Write out the listing below character for character, though without its pictures.

_DATASET CONTENT_.
##############################
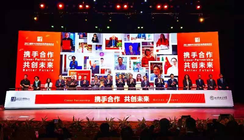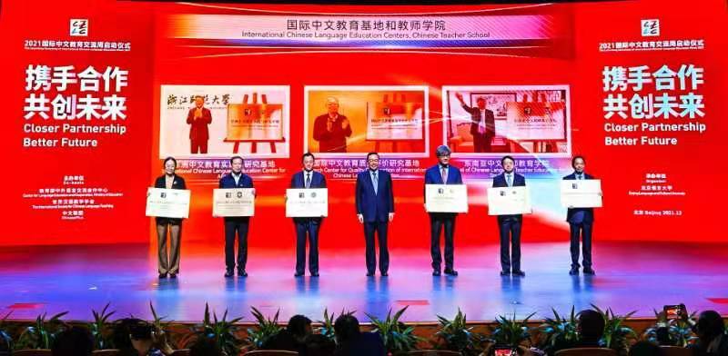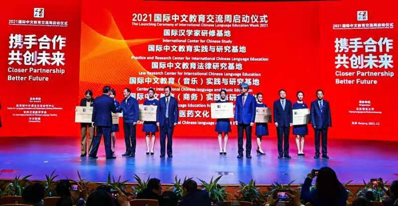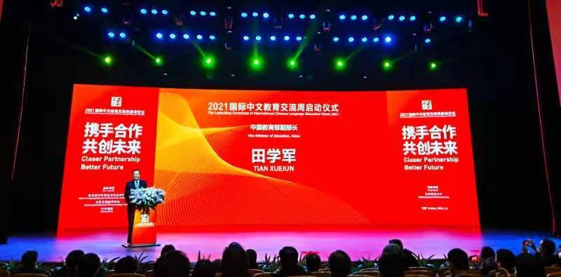 2021年12月13日上午,由教育部中外语言交流合作中心等多家单位主办,北京语言大学等多家单位承办,以“携手合作、共创未来”为主题的“2021国际中文教育交流周”在京举办启动仪式。教育部副部长田学军、北京大学校长郝平、匈牙利罗兰大学校长薄慕往、美国卫斯理安学院校长薇薇安·富勒、澳大利亚西澳大学副校长西蒙·比格斯、中国-东盟中心秘书长陈德海、巴西大学国际合作集团执行主席罗莎娜·席尔瓦、北京西班牙文化中心-塞万提斯学院院长伊莎贝尔、第十七届“汉语桥”世界大学生中文比赛美洲洲冠军、全球亚军柯鲁瀚、喀麦隆中等教育部汉语教育总督学杜迪、泰国高等教育与科研创新部部长阿奈·劳塔玛塔共11位中外嘉宾致辞,在京各界代表近百人莅临,教育部中外语言交流合作中心主任马箭飞、北京语言大学校长刘利主持仪式。
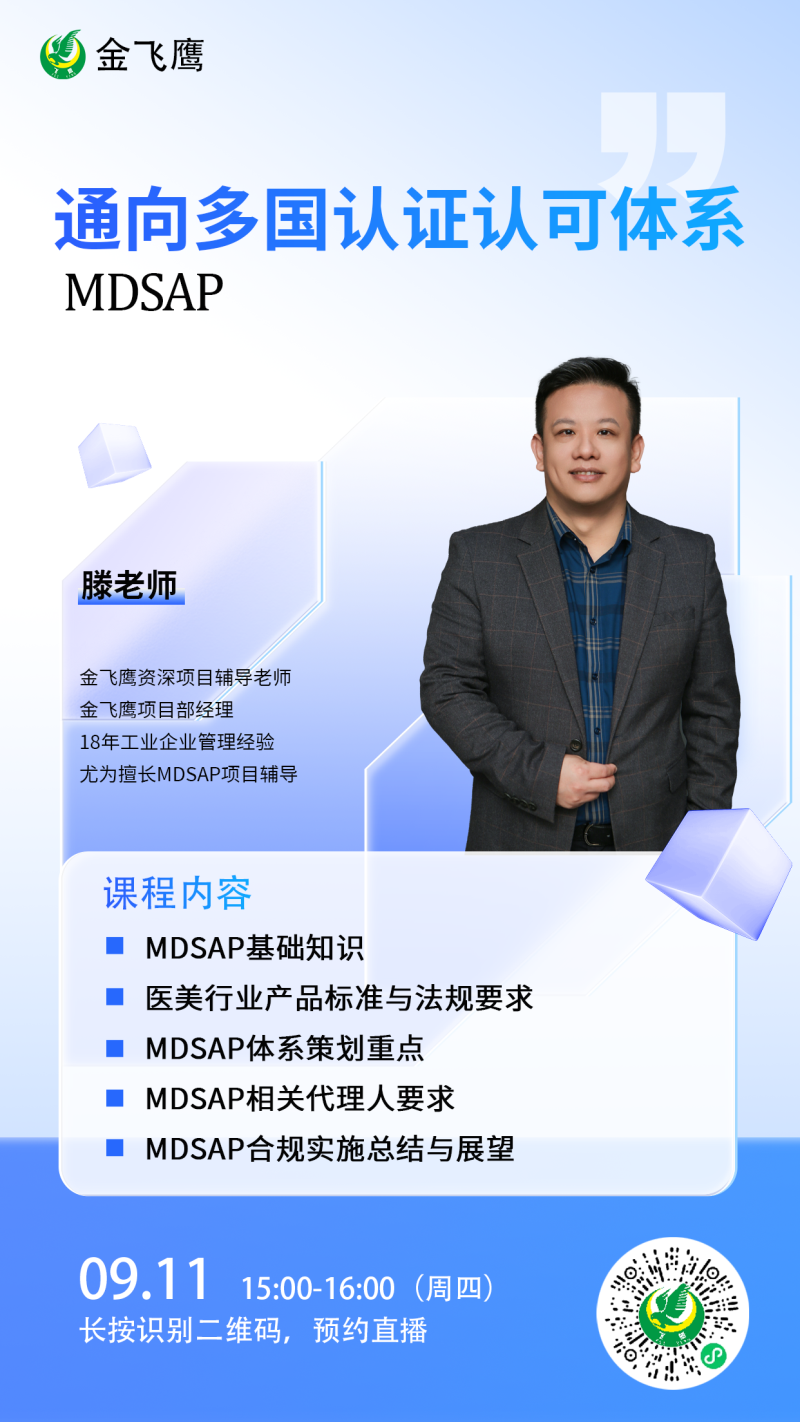 9月11日下午3點,金飛鷹高級項目咨詢師、有著諸多MDSAP項目輔導經(jīng)驗的滕老師,給大家深入淺出地講解MDSAP審核的核心邏輯與應對技巧,讓您不僅“知其然”,更“知其所以然”!感興趣的朋友記得提前預約,鎖定這場合規(guī)必修課!
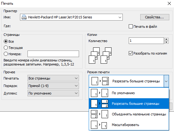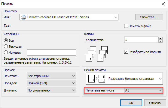 - Разрезать большие страницы - режим печати, при котором страницы А4, которые вы будете печатать в формат А5 будут делиться напополам. Помните о том, что если в вашем документе много информации, которая занимает больше половины страницы А4, при печати на А5 данные могут распечататься некорректно и какая-то строка может попасть в место раздела страницы.
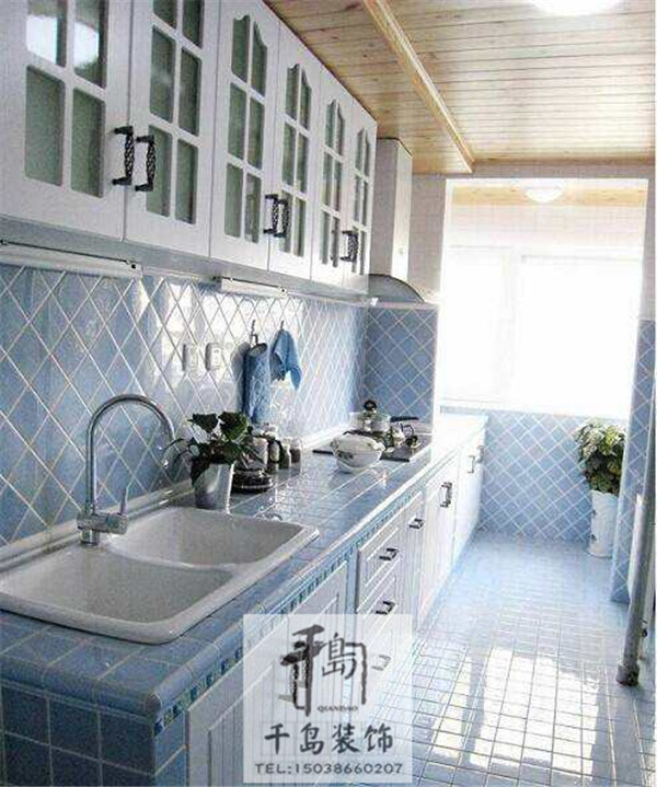 廚房與地中風格碰撞,那效果絕對是意料不到的驚人。充滿煙火氣息的地方與自由舒適的地中海風格結(jié)合,從此做飯不在無聊,只愿待在這么一方空間。
##############################
_ANSWER TO THE EXERCISE_.
 2021年12月13日上午,由教育部中外语言交流合作中心等多家单位主办,北京语言大学等多家单位承办,以“携手合作、共创未来”为主题的“2021国际中文教育交流周”在京举办启动仪式。教育部副部长田学军、北京大学校长郝平、匈牙利罗兰大学校长薄慕往、美国卫斯理安学院校长薇薇安·富勒、澳大利亚西澳大学副校长西蒙·比格斯、中国-东盟中心秘书长陈德海、巴西大学国际合作集团执行主席罗莎娜·席尔瓦、北京西班牙文化中心-塞万提斯学院院长伊莎贝尔、第十七届“汉语桥”世界大学生中文比赛美洲洲冠军、全球亚军柯鲁瀚、喀麦隆中等教育部汉语教育总督学杜迪、泰国高等教育与科研创新部部长阿奈·劳塔玛塔共11位中外嘉宾致辞,在京各界代表近百人莅临,教育部中外语言交流合作中心主任马箭飞、北京语言大学校长刘利主持仪式。
 9月11日下午3點,金飛鷹高級項目咨詢師、有著諸多MDSAP項目輔導經(jīng)驗的滕老師,給大家深入淺出地講解MDSAP審核的核心邏輯與應對技巧,讓您不僅“知其然”,更“知其所以然”!感興趣的朋友記得提前預約,鎖定這場合規(guī)必修課!
 - Разрезать большие страницы - режим печати, при котором страницы А4, которые вы будете печатать в формат А5 будут делиться напополам. Помните о том, что если в вашем документе много информации, которая занимает больше половины страницы А4, при печати на А5 данные могут распечататься некорректно и какая-то строка может попасть в место раздела страницы.
 廚房與地中風格碰撞,那效果絕對是意料不到的驚人。充滿煙火氣息的地方與自由舒適的地中海風格結(jié)合,從此做飯不在無聊,只愿待在這么一方空間。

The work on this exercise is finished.